→ **Brief**: Line by line, repeat the data below exactly, beginning at the first line and ending at the line with "SEOB指出,历史数据表明,苏里南政府长". Omit pictures.

→ **Recorded data**:

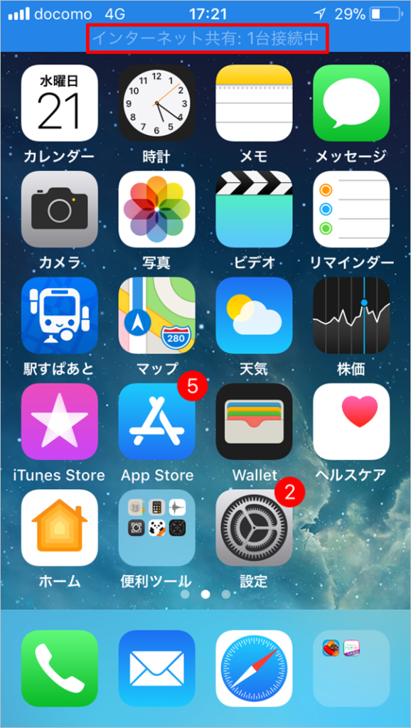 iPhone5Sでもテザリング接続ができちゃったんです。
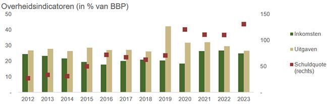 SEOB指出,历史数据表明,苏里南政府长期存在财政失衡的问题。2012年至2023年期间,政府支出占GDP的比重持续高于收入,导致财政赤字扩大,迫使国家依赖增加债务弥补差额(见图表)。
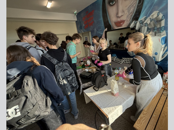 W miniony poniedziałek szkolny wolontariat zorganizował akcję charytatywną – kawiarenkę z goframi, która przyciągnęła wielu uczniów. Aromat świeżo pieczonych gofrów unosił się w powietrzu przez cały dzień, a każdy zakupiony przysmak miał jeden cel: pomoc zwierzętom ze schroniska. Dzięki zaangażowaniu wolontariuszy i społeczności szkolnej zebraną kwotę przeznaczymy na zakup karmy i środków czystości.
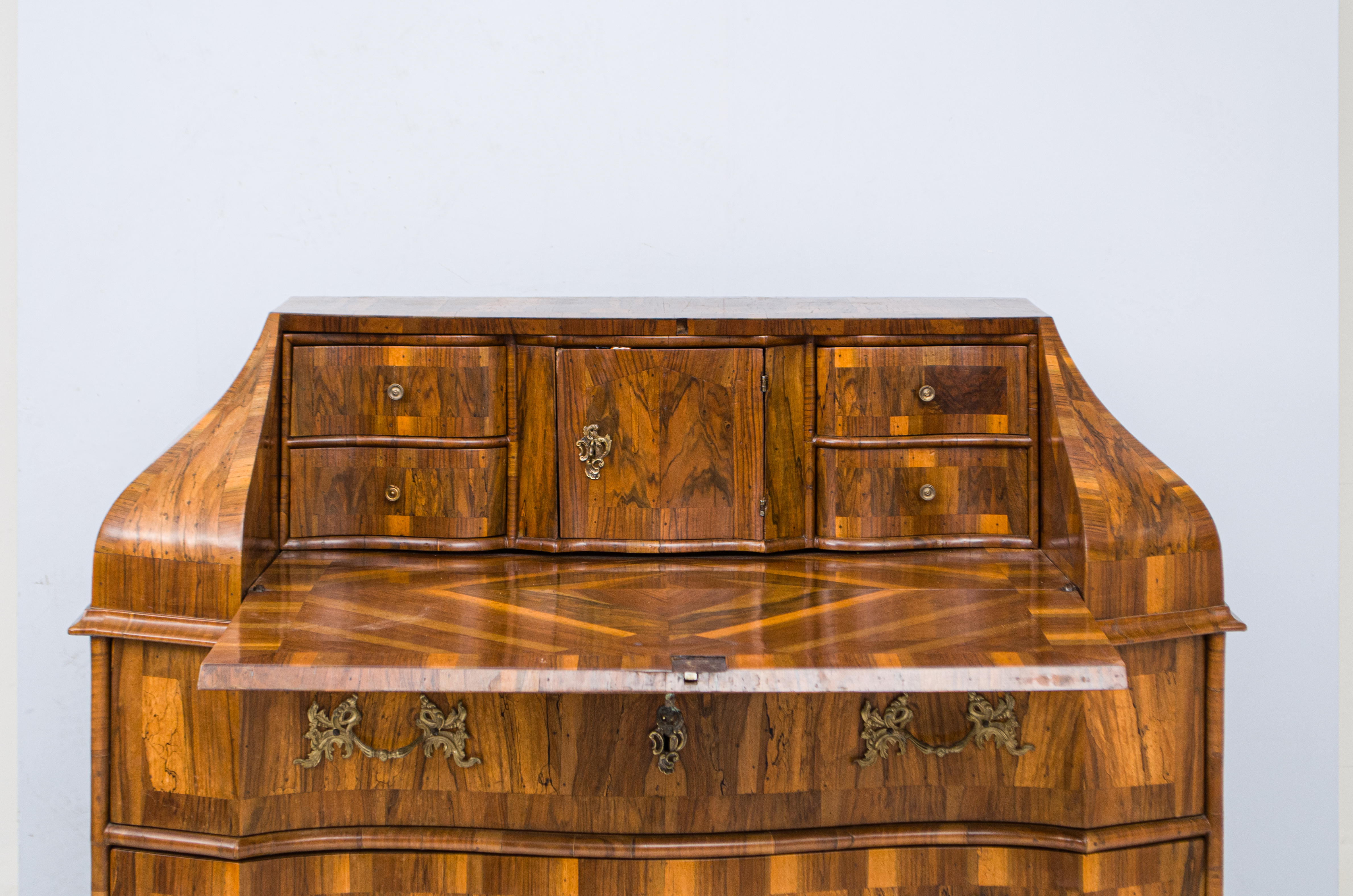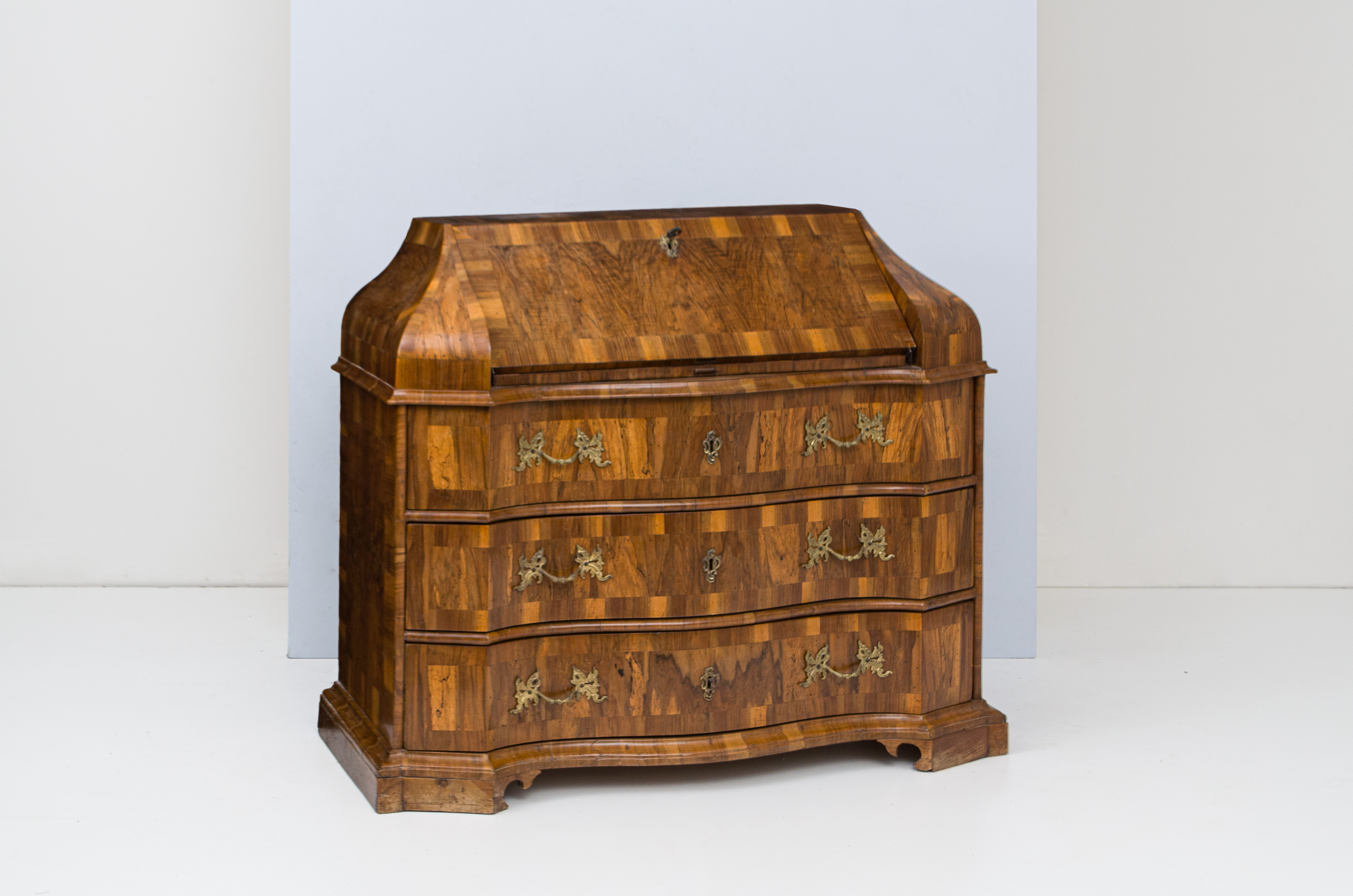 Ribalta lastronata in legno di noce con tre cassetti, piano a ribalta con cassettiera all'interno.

→ **Written answer**:
 iPhone5Sでもテザリング接続ができちゃったんです。
 SEOB指出,历史数据表明,苏里南政府长期存在财政失衡的问题。2012年至2023年期间,政府支出占GDP的比重持续高于收入,导致财政赤字扩大,迫使国家依赖增加债务弥补差额(见图表)。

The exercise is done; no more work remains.